None of the Securities have been or will be registered under the United States Securities Act of 1933, as amended (the “Securities Act”), or the securities laws of any state or other jurisdiction in the United States (including its territories, possessions and the District of Columbia), and unless so registered, may not be offered, pledged, sold, delivered or otherwise transferred, directly or indirectly, except pursuant to an exemption from, or in a transaction not subject to, the registration requirements of the Securities Act and in compliance with other applicable securities laws. Only persons in the United States that are qualified institutional buyers (“QIBs”) as defined in Rule 144A under the Securities Act or institutional “accredited investors” as defined in Rule 501 of Regulation D under the Securities Act may participate in the offer. There will not be any public offering of any of the Securities in the United States. Outside the United States, the offer will be conducted in offshore transactions to persons other than “U.S. persons” as defined in and in compliance with, Regulation S under the Securities Act and in accordance with applicable law.

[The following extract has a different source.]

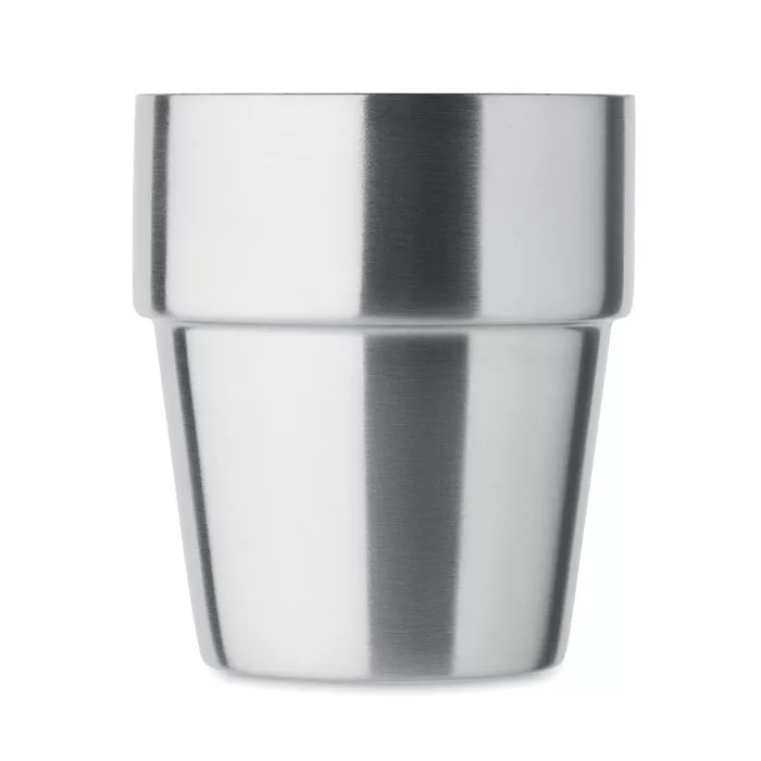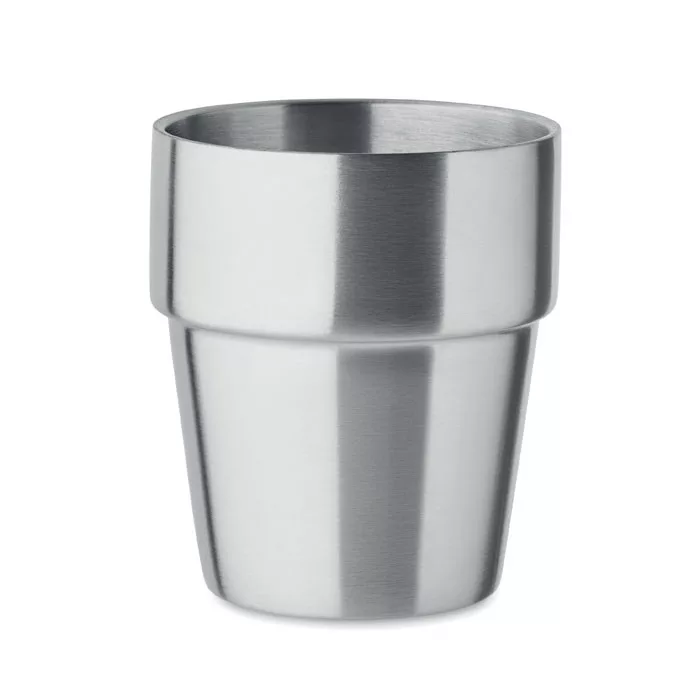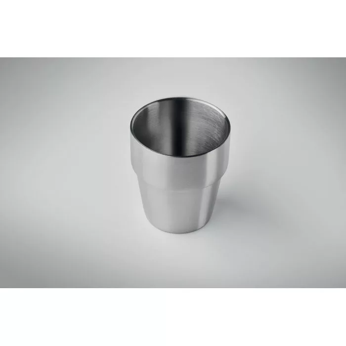 Duplafalú pohár újrahasznosított rozsdamentes acélból (90% újrahasznosított rozsdamentes acél és 10% rozsdamentes acél). Rakásolható. Űrtartalom: 250 ml.

In the EEA Member States, with the exception of Sweden, (each such EEA Member State, a “Relevant State“), this press release and the information contained herein are intended only for and directed to qualified investors as defined in the Prospectus Regulation. The Securities mentioned in this press release are not intended to be offered to the public in any Relevant State and are only available to qualified investors except in accordance with exceptions in the Prospectus Regulation. Persons in any Relevant State who are not qualified investors should not take any actions based on this press release, nor rely on it.

In the United Kingdom, this press release is directed only at, and communicated only to, persons who are qualified investors within the meaning of article 2(e) of the Prospectus Regulation (2017/1129) who are (i) persons who fall within the definition of "investment professional" in article 19(5) of the Financial Services and Markets Act 2000 (Financial Promotion) Order 2005, as amended (the “Order”), or (ii) persons who fall within article 49(2)(a) to (d) of the Order, or (iii) persons who are existing members or creditors of Midsona AB (publ) or other persons falling within Article 43 of the Order, or (iv) persons to whom it may otherwise be lawfully communicated (all such persons referred to in (i), (ii), (iii) and (iv) above together being referred to as “Relevant Persons”). This press release must not be acted on or relied on by persons in the UK who are not Relevant Persons.

This announcement does not constitute an investment recommendation. The price and value of securities and any income from them can go down as well as up and you could lose your entire investment. Past performance is not a guide to future performance. Information in this announcement cannot be relied upon as a guide to future performance.

This press release contains forward-looking statements that reflect Midsona AB (publ)’s current view of future events as well as financial and operational development. Words such as “intend”, “assess”, “expect”, “may”, “plan”, “estimate” and other expressions involving indications or predictions regarding future development or trends, not based on historical facts, identify forward-looking statements and reflect Midsona AB (publ)’s beliefs and expectations and involve a number of risks, uncertainties and assumptions which could cause actual events and performance to differ materially from any expected future events or performance expressed or implied by the forward-looking statement. The information contained in this press release is subject to change without notice and, except as required by applicable law, Midsona AB (publ) does not assume any responsibility or obligation to update publicly or review any of the forward-looking statements contained in it and nor does it intend to. You should not place undue reliance on forward-looking statements, which speak only as of the date of this press release. As a result of these risks, uncertainties and assumptions, you should not place undue reliance on these forward-looking statements as a prediction of actual future events or otherwise.